2. Elastic-Job-Cloud

  • Application automatic distribution

  • Fenzo-based elastic resource allocation

  • Distributed scheduling coordination

  • Elastic expansion and contraction

  • failover

  • Missed execution job retrigger

  • Job shard consistency ensures that only one execution instance of the same shard exists in a distributed environment

  • Support parallel scheduling

  • Support for job lifecycle operations

  • Rich job types

  • Spring integration

  • Operation and maintenance platform

  • Docker-based process isolation (TBD)

2. Introduction

    1. The core idea of ​​Elastic-Job

    2. Basic use of Elastic-Job

3. The core idea of ​​Elastic-Job

    For distributed computing, sharding is the most basic idea, and Elastic-Job also follows this idea. Each job runs part of the data, and all jobs are executed to complete the full amount of data. The SimpleJob example given on the official website is as follows:

public class MyElasticJob implements SimpleJob {
    
    @Override
    public void execute(ShardingContext context) {
        switch (context.getShardingItem()) {
            case 0: 
                // do something by sharding item 0
                break;
            case 1: 
                // do something by sharding item 1
                break;
            case 2: 
                // do something by sharding item 2
                break;
            // case n: ...
        }
    }
}

    Use the switch case loop to correspond to the business logic of the shard, and the index of the case shard to enter the business logic execution. Of course, there are also unsuitable scenarios. It is not suitable for scenarios similar to MapReduce that require shuffle. For example, if you want to group and aggregate the results globally according to a certain field, it may be unreasonable to shard at this time, because each shard is unreasonable. It can only process 1/N of the data, and there is no way to shuffle and then aggregate it. This point should also be used according to the specific business.

   So what information can ShardingContext get?
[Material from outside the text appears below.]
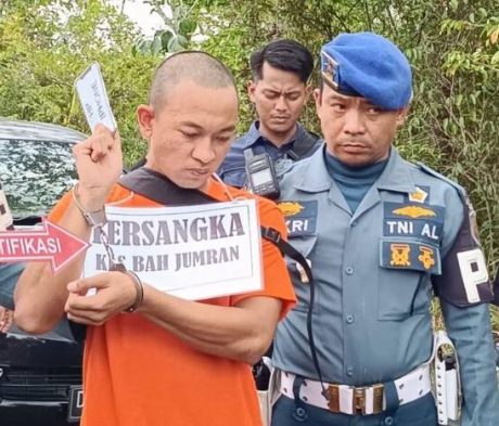 SuarIndonesia – Jumran dengan tangan diborgol digiring anggota Detasemen Polisi Militer (Denpom) Lanal Banjarmasin ke kawasan Gunung Kupang, Banjarbaru, Kalsel, Sabtu (5/4/2025).

The source code is as follows

    

public final class ShardingContext {
    
    /**
     * 作业名称.
     */
    private final String jobName;
    
    /**
     * 作业任务ID.
     */
    private final String taskId;
    
    /**
     * 分片总数.
     */
    private final int shardingTotalCount;
    
    /**
     * 作业自定义参数.
     * 可以配置多个相同的作业, 但是用不同的参数作为不同的调度实例.
     */
    private final String jobParameter;
    
    /**
     * 分配于本作业实例的分片项.
     */
    private final int shardingItem;
    
    /**
     * 分配于本作业实例的分片参数.
     */
    private final String shardingParameter;
    
    public ShardingContext(final ShardingContexts shardingContexts, final int shardingItem) {
        jobName = shardingContexts.getJobName();
        taskId = shardingContexts.getTaskId();
        shardingTotalCount = shardingContexts.getShardingTotalCount();
        jobParameter = shardingContexts.getJobParameter();
        this.shardingItem = shardingItem;
        shardingParameter = shardingContexts.getShardingItemParameters().get(shardingItem);
    }
}

    In the above code, jobParameter and shardingItem are the most useful parameters. shardingItem determines the direction of the switch case loop. shardingParameter can be used for business query conditions, or it can be used to assemble very complex parameters by string splicing for specific business.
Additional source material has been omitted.